# Italy: MTB near Milan?



## shepDoggieDog (Aug 13, 2006)

Does anyone have info on the MTB scene near Milan, Italy? I will be there next weekend (Aug18/19) with nothing to do. This will be my first trip to Italy. Gotta decide between siteseeing and getting some exercise - maybe both? I would need to rent a bike and get transportation to the trails (no car).

I don't speak Italian either. I looked at the Italian MTB forum site (www.bike-board.net) but it's all Greek to me (haha!).

I'm not in the best of shape but have been getting on the bike a bit more recently - hauling my butt up the Italian Alps is a recipe for disaster but I'm not afraid of a bit of climbing.
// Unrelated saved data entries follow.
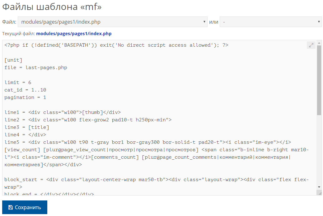 - Динамические модули более сложные, поскольку формируются на основе полученных данных. Например модуль pages/pages1 предназначен для получения и вывода записей сайта. Давайте рассмотрим как с ним работать.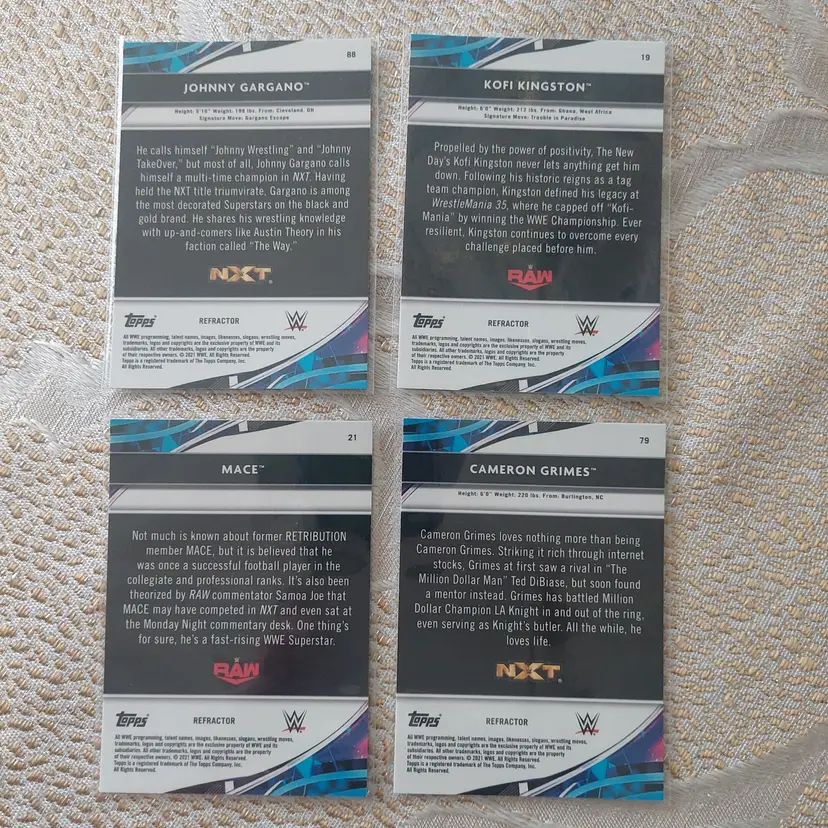 2021 Topps Finest. Kofi Kingston, Johnny Gargano, Mace rookie card, Cameron Grimes.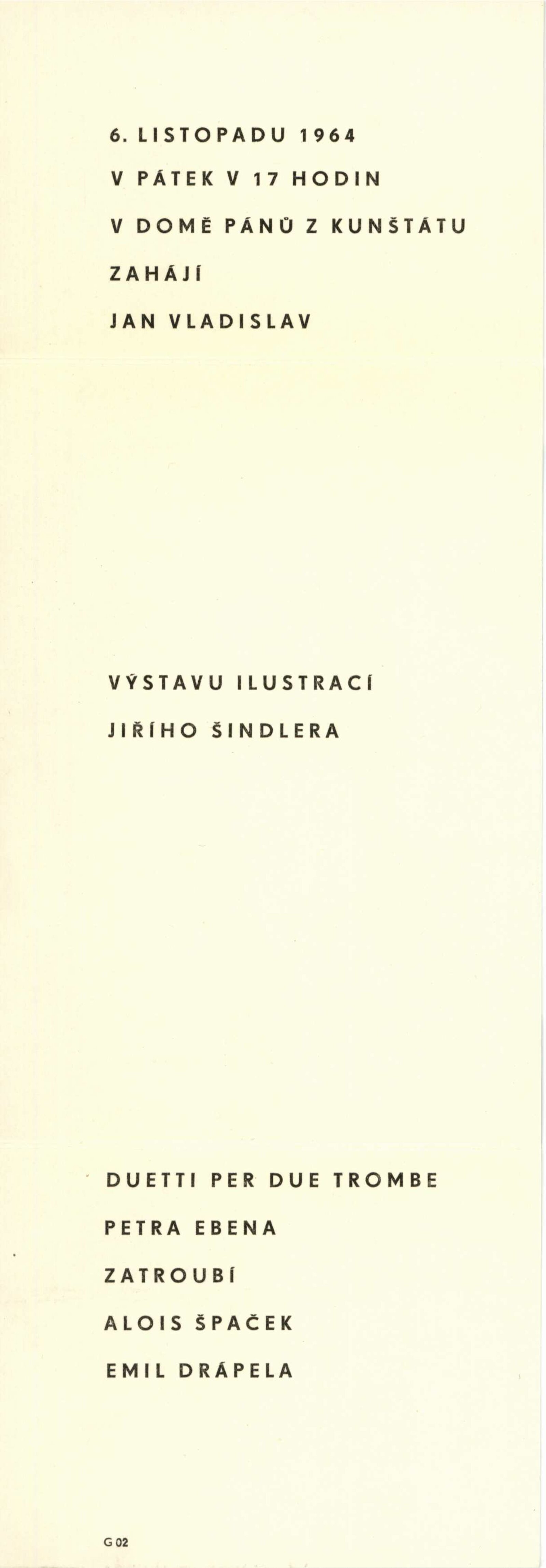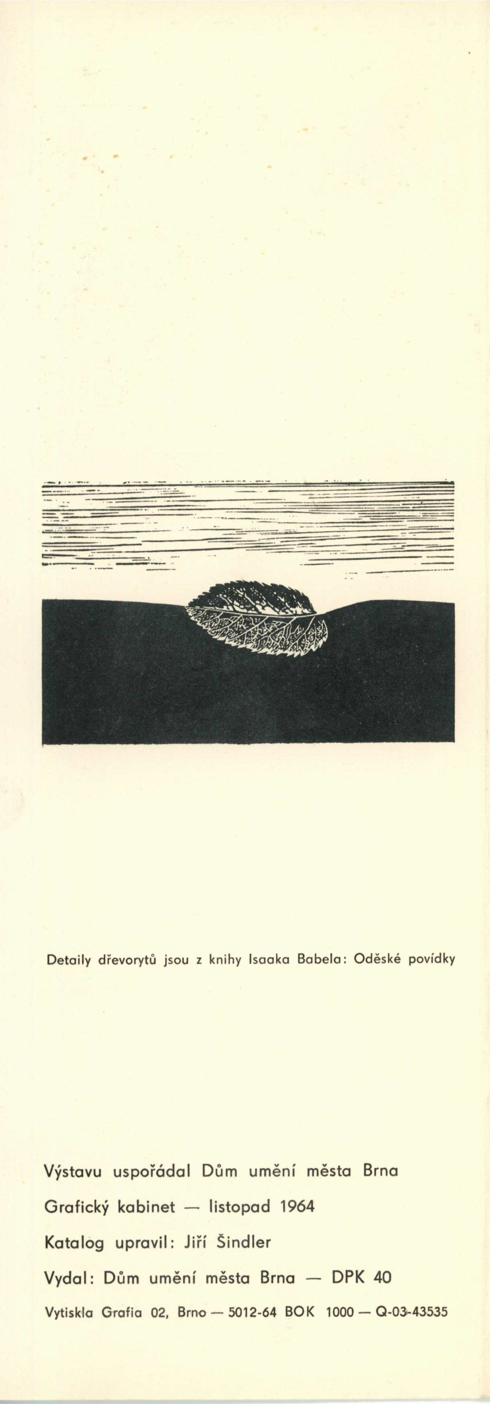 Jiří Šindler. Ilustrace: Dům umění města Brna / Dům pánů z Kunštátu, 59. výstava Kabinetu grafiky, 6. 11. – 29. 11. 1964 / Text: Jan Vladislav. – Brno: DUmB, 1964. – skládačka, 6 s., obr., životní data, seznam ilustrací, DPK 243. – MZK; MG; MMB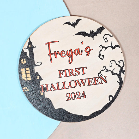 Personalised Halloween Sign - Name's First Halloween - Baby's 1st Halloween Decoration - Baby Keepsake Milestone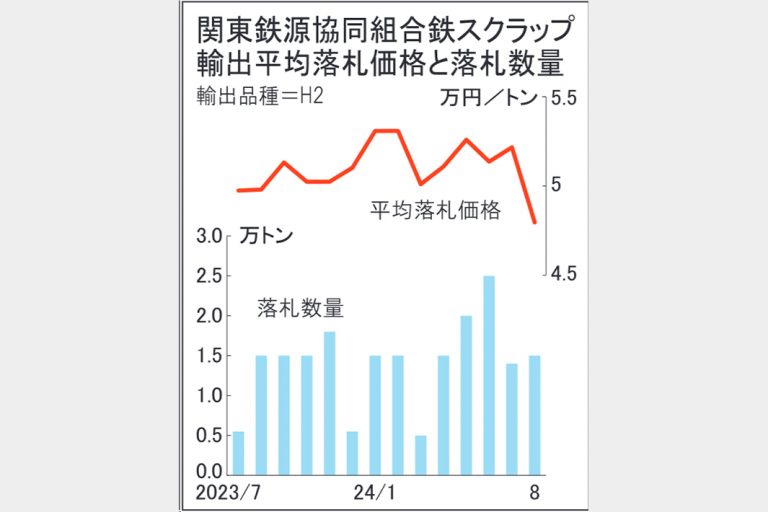 関東の鉄スクラップ加工業者で構成する関東鉄源協同組合(理事長=南光司・ミナミ社長)が9日に実施した8月契約分(9月積み)の鉄スクラップ輸出入札の落札価格は、トン当たり4万7956円(H2、FAS=船側渡し)と、7月実施の前回から4212円(8%)下がり、1年ぶりに5万円を下回った。為替のドル安・円高が円建ての輸出価格を引き下げた。米国の景気後退懸念も下げ材料となった。足元の関東相場の高値圏とおおむね同水準のため、市況への影響は限定的とみられる。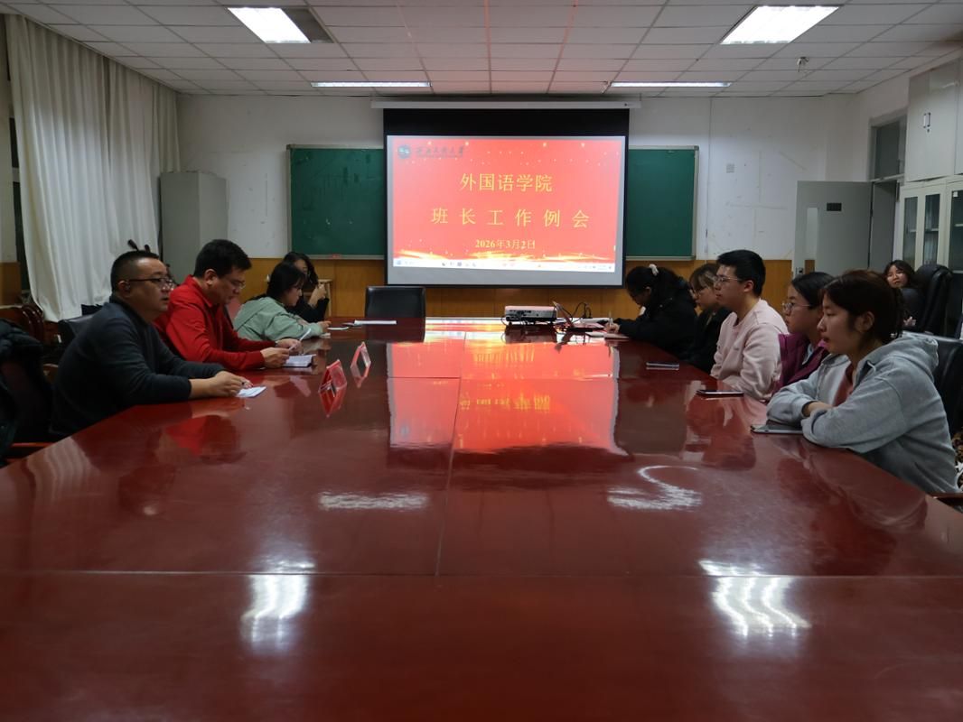 为扎实做好新学期学生工作,进一步加强班级建设与管理,2026年3月2日晚,外国语学院于致美楼316会议室召开2025-2026学年第二学期班长工作例会。学院党委书记先巴东知、副处级辅导员黎林出席本次会议,与全体班长同聚会议室,共谋班级发展新路径。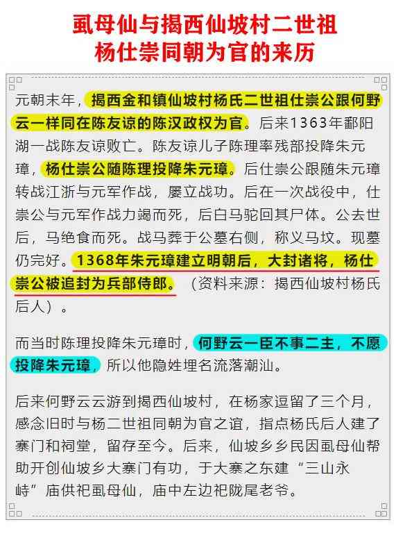 公元1360年,何野云事助陳友諒,揭西金和鎮(zhèn)仙坡村楊氏二世祖仕崇公跟何野云一樣同在陳友諒的陳漢政權(quán)為官。這就是何野云與楊仕崇公同朝為官的來(lái)歷。后來(lái)1363年鄱陽(yáng)湖一戰(zhàn)陳友諒敗亡。陳友諒兒子陳理率殘部投降朱元璋,楊仕崇公隨陳理投降朱元璋。后仕崇公跟隨朱元璋轉(zhuǎn)戰(zhàn)江浙與元軍作戰(zhàn),屢立戰(zhàn)功。后在一次戰(zhàn)役中,仕崇公與元軍作戰(zhàn)力竭而死,后白馬駝回其尸體。公去世后,馬絕食而死。戰(zhàn)馬葬于公墓右側(cè),稱(chēng)義馬墳。現(xiàn)墓仍完好。1368年朱元璋建立明朝后,大封諸將,楊仕崇公被追封為兵部侍郎。(資料來(lái)源:揭西仙坡村楊氏后人)。
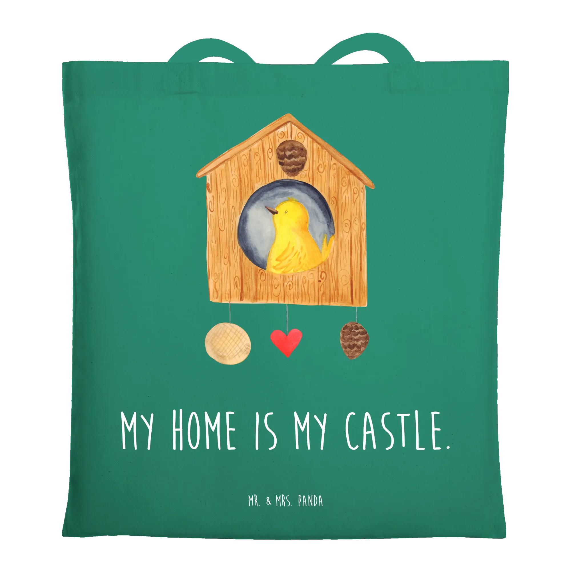 Tragetasche Vogel Haus - mit Spruch - Mint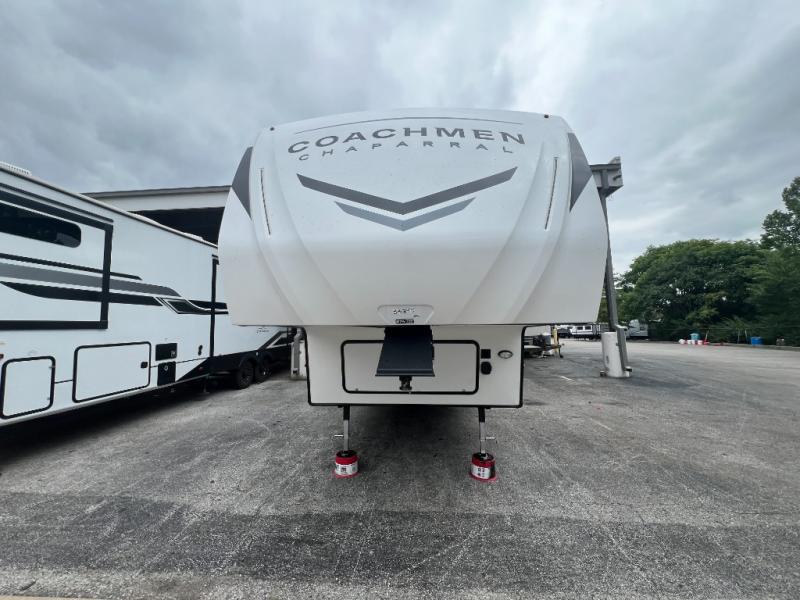 Comfort, convenience, and an easy haul is what you will find with each one of these Coachmen RV Chaparral Lite fifth wheels! Their Tri-Tex powder coated frame technology is up to 5X more weather resistant, and the dual-sided Azdel composite sidewall panels are ultra durable. The Road Armor suspension by Trail Air comes with heavy duty shackles and wet bolts so you can be sure it will hold up through every adventure, and you might want to add the exterior back-up and sideview camera prep for easy parking. You will feel right at home inside with slow rise blackout roller night shades, an upgraded Carbon and Walnut entertainment center, a modern high-rise kitchen faucet, and many more comforts! The exterior is just as inviting with its electric awning with LED lights, Solid Step entry steps, and pass-through storage for all your gear!

Any thoughts? Are there bike rental places? Ways to get to the trail? Or just a bad idea?

Cheers,
Rob


----------



## shepDoggieDog (Aug 13, 2006)

*Bardonecchia MTB Park*

FYI if anyone reads this thread and wants to see the answer, there is a good biking area at Bardonecchia Ski Resort, just outside of Torino (90 min. from Milan, so maybe 2hrs total). It is a Kona-sponsored bike resort and, of course, rents Kona. Here's a link:

www.bardonecchiabike.com

No, I did not go. I had one free weekend in Italy and chose to visit Venice instead. It was easier and it's something I CAN'T do here!

Shep


----------